Your reply should hold every entry below exactly as written and none of the pictures.

[Opening Records supplied section]

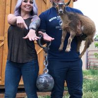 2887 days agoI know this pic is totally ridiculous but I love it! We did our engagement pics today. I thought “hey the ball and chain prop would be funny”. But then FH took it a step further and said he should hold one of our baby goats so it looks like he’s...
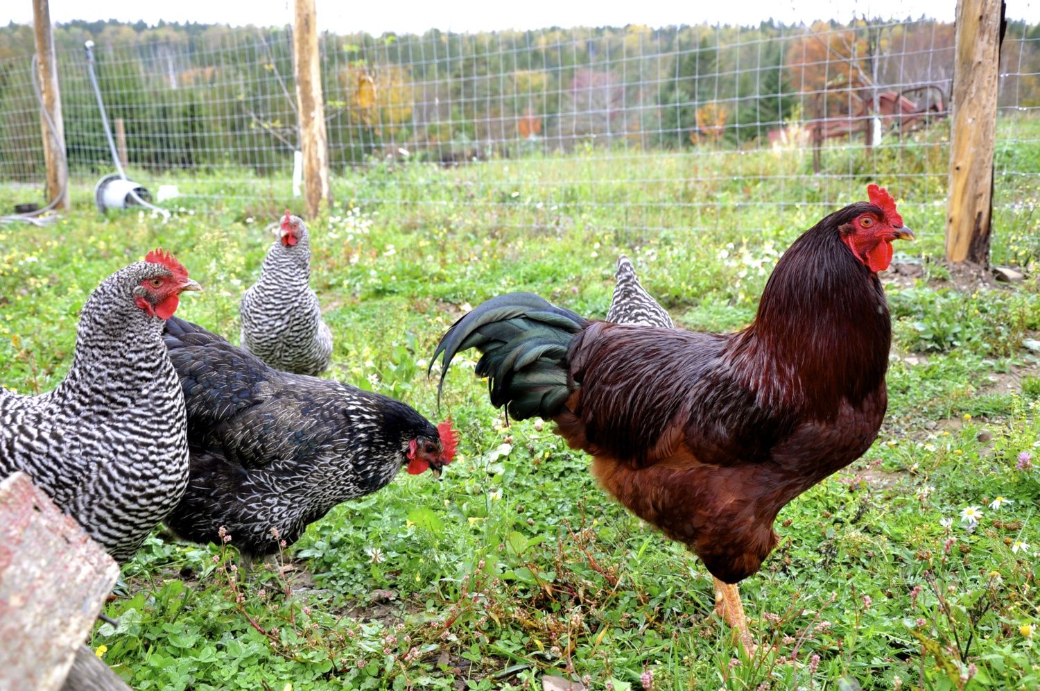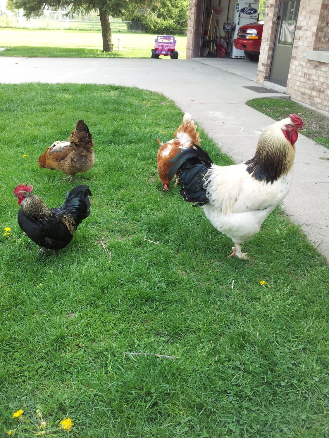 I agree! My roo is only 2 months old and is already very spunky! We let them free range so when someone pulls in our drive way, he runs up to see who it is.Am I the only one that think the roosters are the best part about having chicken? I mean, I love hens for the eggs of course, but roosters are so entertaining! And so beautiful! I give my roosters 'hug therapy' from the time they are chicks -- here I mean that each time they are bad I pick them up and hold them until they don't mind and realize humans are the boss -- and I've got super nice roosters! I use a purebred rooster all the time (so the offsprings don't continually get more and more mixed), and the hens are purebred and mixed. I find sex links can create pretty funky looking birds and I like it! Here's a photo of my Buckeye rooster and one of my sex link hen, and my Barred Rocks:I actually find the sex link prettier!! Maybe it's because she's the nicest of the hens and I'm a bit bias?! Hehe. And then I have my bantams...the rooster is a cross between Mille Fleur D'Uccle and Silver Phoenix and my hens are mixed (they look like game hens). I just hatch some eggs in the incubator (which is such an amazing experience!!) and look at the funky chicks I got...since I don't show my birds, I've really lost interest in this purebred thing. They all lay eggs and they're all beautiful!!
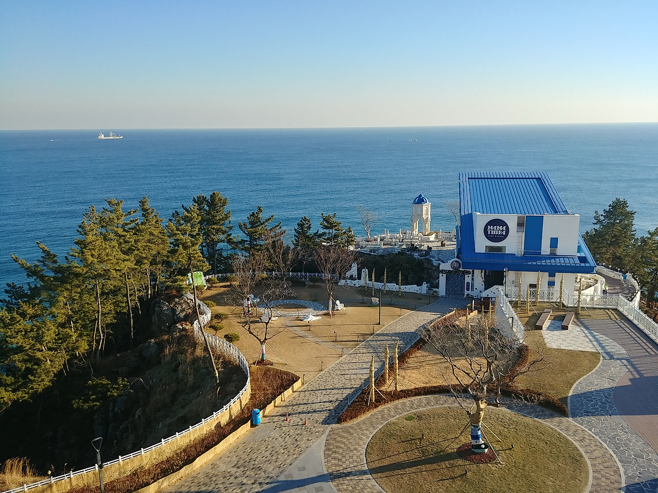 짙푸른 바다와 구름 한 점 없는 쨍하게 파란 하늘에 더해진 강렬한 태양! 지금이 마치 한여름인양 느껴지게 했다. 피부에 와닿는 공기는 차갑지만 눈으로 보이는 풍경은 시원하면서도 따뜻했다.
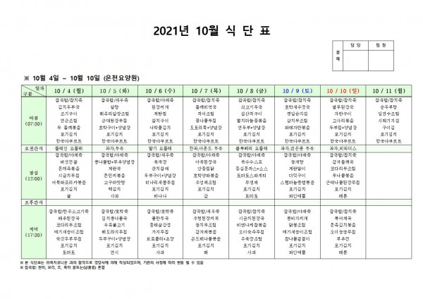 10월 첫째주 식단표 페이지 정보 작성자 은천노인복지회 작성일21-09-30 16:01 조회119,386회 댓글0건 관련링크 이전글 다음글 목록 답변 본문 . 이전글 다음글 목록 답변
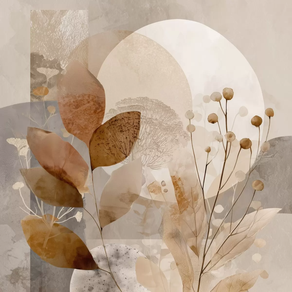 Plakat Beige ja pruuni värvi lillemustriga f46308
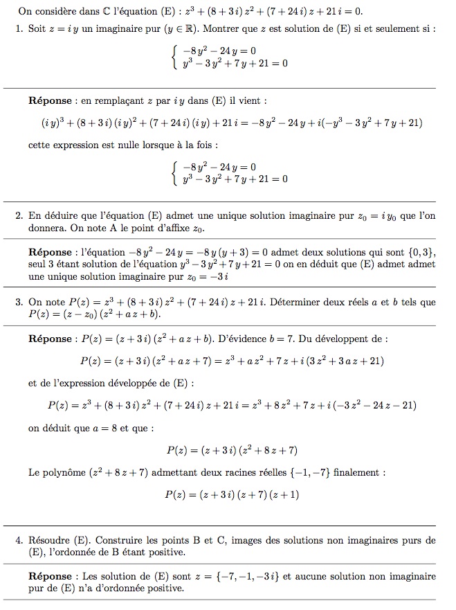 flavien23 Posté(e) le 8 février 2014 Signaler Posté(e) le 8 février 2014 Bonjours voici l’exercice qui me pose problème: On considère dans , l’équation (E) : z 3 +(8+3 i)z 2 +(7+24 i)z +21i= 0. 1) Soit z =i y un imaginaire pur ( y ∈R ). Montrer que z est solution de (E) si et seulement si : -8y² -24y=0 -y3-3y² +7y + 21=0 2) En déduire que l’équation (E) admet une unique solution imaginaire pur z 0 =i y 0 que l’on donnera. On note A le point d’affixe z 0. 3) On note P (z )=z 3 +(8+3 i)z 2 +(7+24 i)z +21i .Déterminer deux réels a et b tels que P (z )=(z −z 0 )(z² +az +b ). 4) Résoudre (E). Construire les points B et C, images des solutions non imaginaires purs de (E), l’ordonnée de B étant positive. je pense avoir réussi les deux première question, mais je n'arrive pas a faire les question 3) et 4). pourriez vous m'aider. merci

[Closing Records supplied section]

▸ **The answer**
 2887 days agoI know this pic is totally ridiculous but I love it! We did our engagement pics today. I thought “hey the ball and chain prop would be funny”. But then FH took it a step further and said he should hold one of our baby goats so it looks like he’s...
 I agree! My roo is only 2 months old and is already very spunky! We let them free range so when someone pulls in our drive way, he runs up to see who it is.Am I the only one that think the roosters are the best part about having chicken? I mean, I love hens for the eggs of course, but roosters are so entertaining! And so beautiful! I give my roosters 'hug therapy' from the time they are chicks -- here I mean that each time they are bad I pick them up and hold them until they don't mind and realize humans are the boss -- and I've got super nice roosters! I use a purebred rooster all the time (so the offsprings don't continually get more and more mixed), and the hens are purebred and mixed. I find sex links can create pretty funky looking birds and I like it! Here's a photo of my Buckeye rooster and one of my sex link hen, and my Barred Rocks:I actually find the sex link prettier!! Maybe it's because she's the nicest of the hens and I'm a bit bias?! Hehe. And then I have my bantams...the rooster is a cross between Mille Fleur D'Uccle and Silver Phoenix and my hens are mixed (they look like game hens). I just hatch some eggs in the incubator (which is such an amazing experience!!) and look at the funky chicks I got...since I don't show my birds, I've really lost interest in this purebred thing. They all lay eggs and they're all beautiful!!
 짙푸른 바다와 구름 한 점 없는 쨍하게 파란 하늘에 더해진 강렬한 태양! 지금이 마치 한여름인양 느껴지게 했다. 피부에 와닿는 공기는 차갑지만 눈으로 보이는 풍경은 시원하면서도 따뜻했다.
 10월 첫째주 식단표 페이지 정보 작성자 은천노인복지회 작성일21-09-30 16:01 조회119,386회 댓글0건 관련링크 이전글 다음글 목록 답변 본문 . 이전글 다음글 목록 답변
 Plakat Beige ja pruuni värvi lillemustriga f46308
 flavien23 Posté(e) le 8 février 2014 Signaler Posté(e) le 8 février 2014 Bonjours voici l’exercice qui me pose problème: On considère dans , l’équation (E) : z 3 +(8+3 i)z 2 +(7+24 i)z +21i= 0. 1) Soit z =i y un imaginaire pur ( y ∈R ). Montrer que z est solution de (E) si et seulement si : -8y² -24y=0 -y3-3y² +7y + 21=0 2) En déduire que l’équation (E) admet une unique solution imaginaire pur z 0 =i y 0 que l’on donnera. On note A le point d’affixe z 0. 3) On note P (z )=z 3 +(8+3 i)z 2 +(7+24 i)z +21i .Déterminer deux réels a et b tels que P (z )=(z −z 0 )(z² +az +b ). 4) Résoudre (E). Construire les points B et C, images des solutions non imaginaires purs de (E), l’ordonnée de B étant positive. je pense avoir réussi les deux première question, mais je n'arrive pas a faire les question 3) et 4). pourriez vous m'aider. merci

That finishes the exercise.